Mesmo depois do sucesso de A Noite dos Mortos-Vivos, Romero tinha dificuldade para financiar seus projetos. A Image Ten, sua produtora, operava com uma mentalidade outsider, e por ela Romero lançou muitos de seus sucessos artísticos e fracassos comercias. Seus filmes de 1973 Season of the Witch e O Exército do Extermínio tiveram problemas para conseguir distribuidores e um lançamento mais amplo, mesmo reiterando a genialidade idiossincrática de Romero.

Romero continua um amado ícone cult por sua recusa a se curvar aos gostos da indústria. Como criador de um dos gêneros mais lucrativos de todos os tempos, ele poderia ter continuado lançando filmes de zumbis menos políticos até o final de seus dias, e ser confortavelmente consumido pelo sistema que ele gostava tanto de ridicularizar.

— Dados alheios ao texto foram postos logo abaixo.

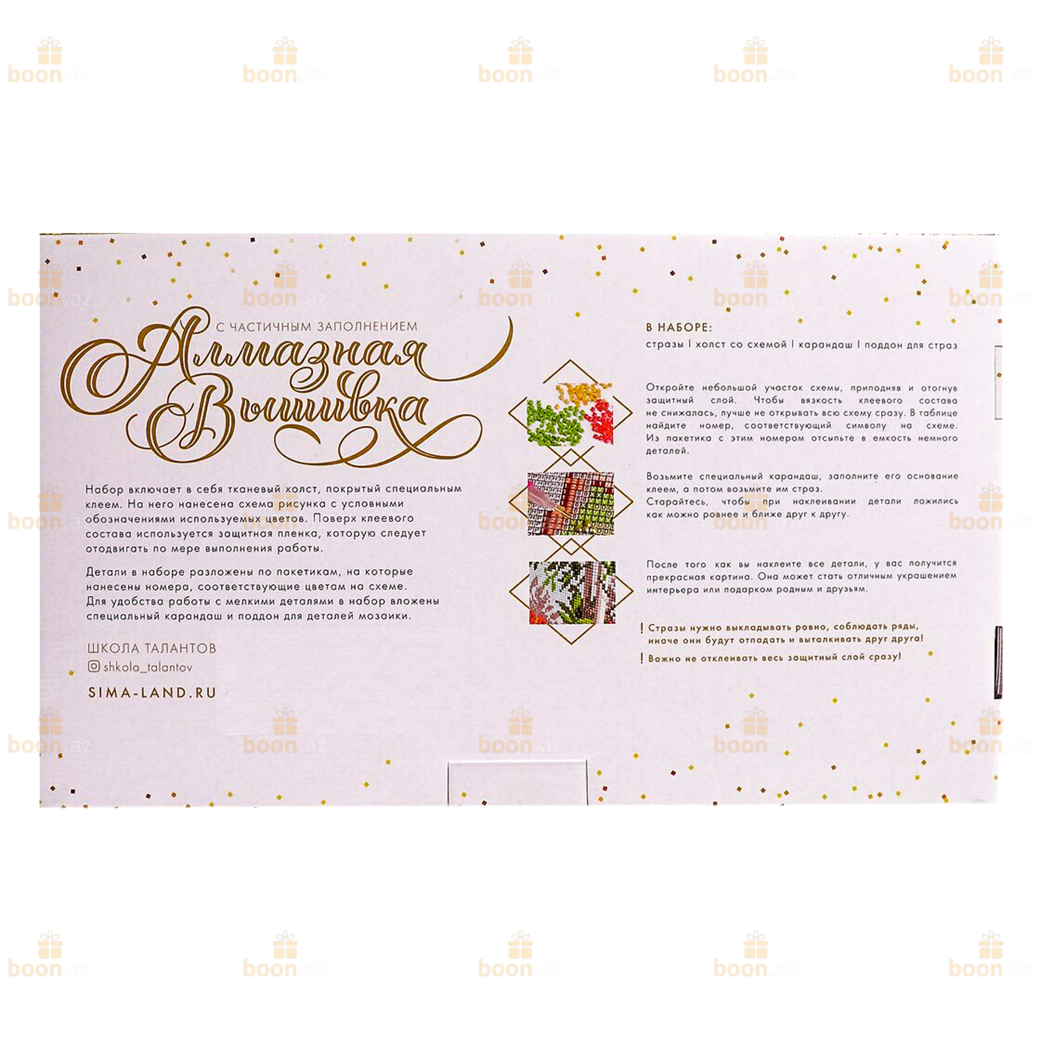 Новая серия сверкающих картин c частичным заполнением позволит создать настоящий шедевр своими руками! Разложите кристаллики с помощью карандаша по указанной схеме, заполнив полотно. Основа с точечным клеевым покрытием будет надёжно удерживать стразы. На картине уже обозначены необходимые оттенки. Часть картины предстоит заполнить стразами, другая часть напечатана на холсте-основе — такое изделие легче и быстрее создать. Поэтому набор подойдёт для тех, кто впервые пробует свои силы в этой технике или любит быстро добиваться результата. Сияющее полотно украсит любой интерьер и станет отличным подарком для близких. Комплектация холст со схемой стразы карандаш для стразов клеевая подушечка ёмкость для стразов BOON.AZ – это интернет-магазин подарков и сувениров, созданный людьми и для людей. Вспомните, сколько раз вы заходили на какой-нибудь сайт в поисках безделушки или интересной мелочи, и, безнадежно запутавшись, просто закрывали вкладку? Мы создали простой, интуитивно понятный интерфейс именно для того, чтобы вам было проще выбирать подарки. И разделили каталог на категории и разделы так, чтобы облегчить поиск. Теперь покупки в интернет-магазине станут делом легким и приятным.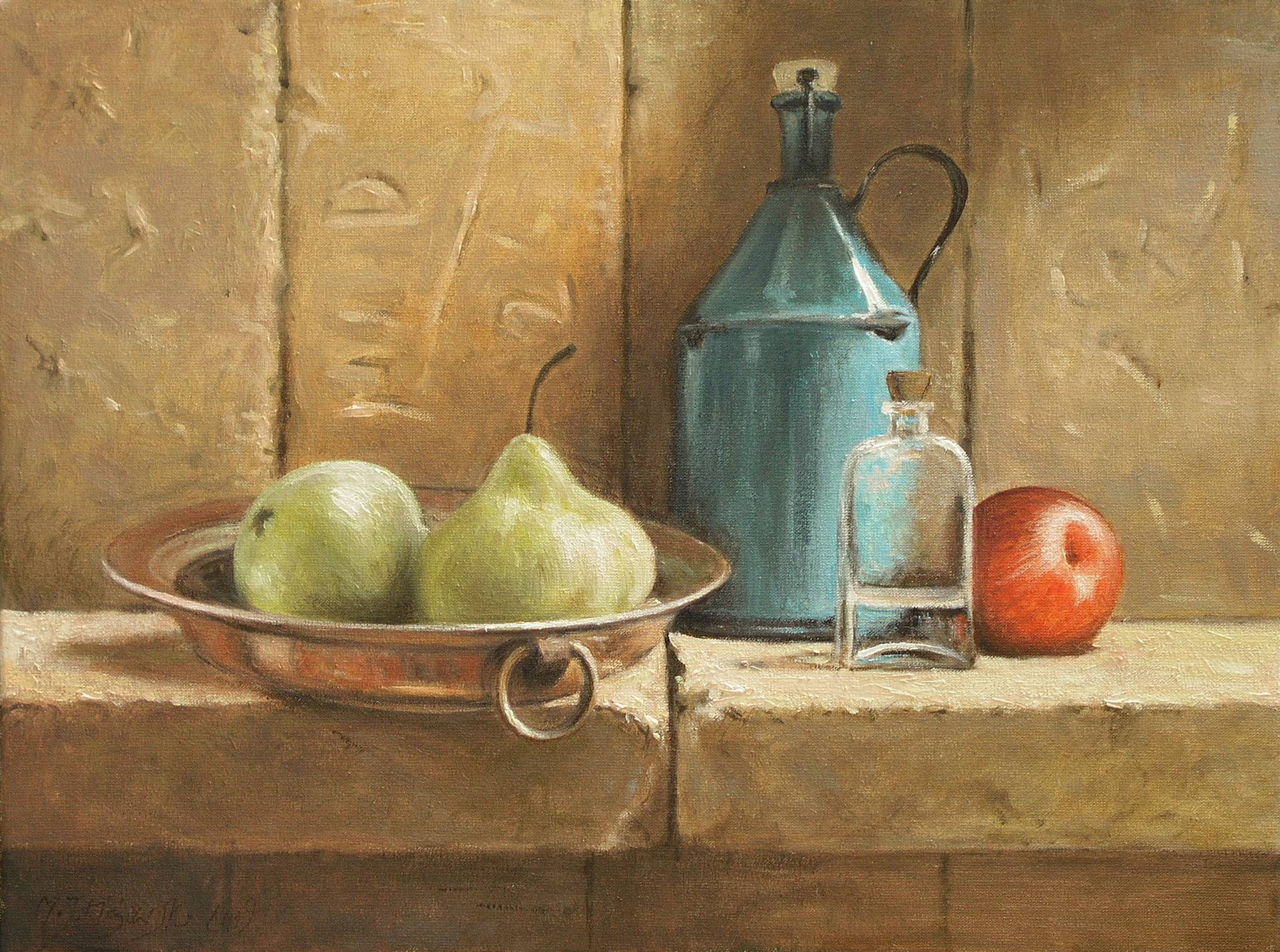 Na obrazie widzimy kompozycję pełną subtelnych, stonowanych barw i delikatnych form. Tło to ciepłe odcienie ziemi, które wprowadzają do dzieła nostalgiczny nastrój. W centrum uwagi stoi błękitna butelka, która przyciąga wzrok swoją intensywnością koloru. Obok niej maluje się misternie wykonane jabłko, o czerwieni tak soczystej, że niemal chce się po nie sięgnąć. A obok, na srebrnej tacy, dwa pyszne gruszki. Krztałty są łagodne, harmonijne, jakby płynęły z pędzla z naturalną lekkością. Atmosfera obrazu to spokój, który emanuje z perfekcji prostych, codziennych przedmiotów. Wow, te gruszki wyglądają jak z bajki! Artysta wykorzystuje techniki klasycznego malarstwa, z wyraźnym zaznaczeniem tekstur i gry światła. To „still life”, co sprawia, że odbiorca popada w zadumę nad ulotnym pięknem codzienności. Jest coś magicznego w tej ciszy, co powoduje, że człowiek pragnie choć na chwilę zatrzymać się i podumać. Każdy element obrazu współgra tutaj w sposób harmonijny, ale zarazem żywy, jakby prowadził ukryty dialog z widzem.

Em vez disso, sua carreira é uma colcha de retalhos de experimentos que se chocam com seus objetivos ousados. Martin (1978), a primeira colaboração de Romero com o mestre gore Tom Savini, é uma afronta pós-moderna ao romance de vampiro. Uma das fitas favoritas de Romero, Martin foi confiscado no Reino Unido sob o Ato de Publicações Obscenas.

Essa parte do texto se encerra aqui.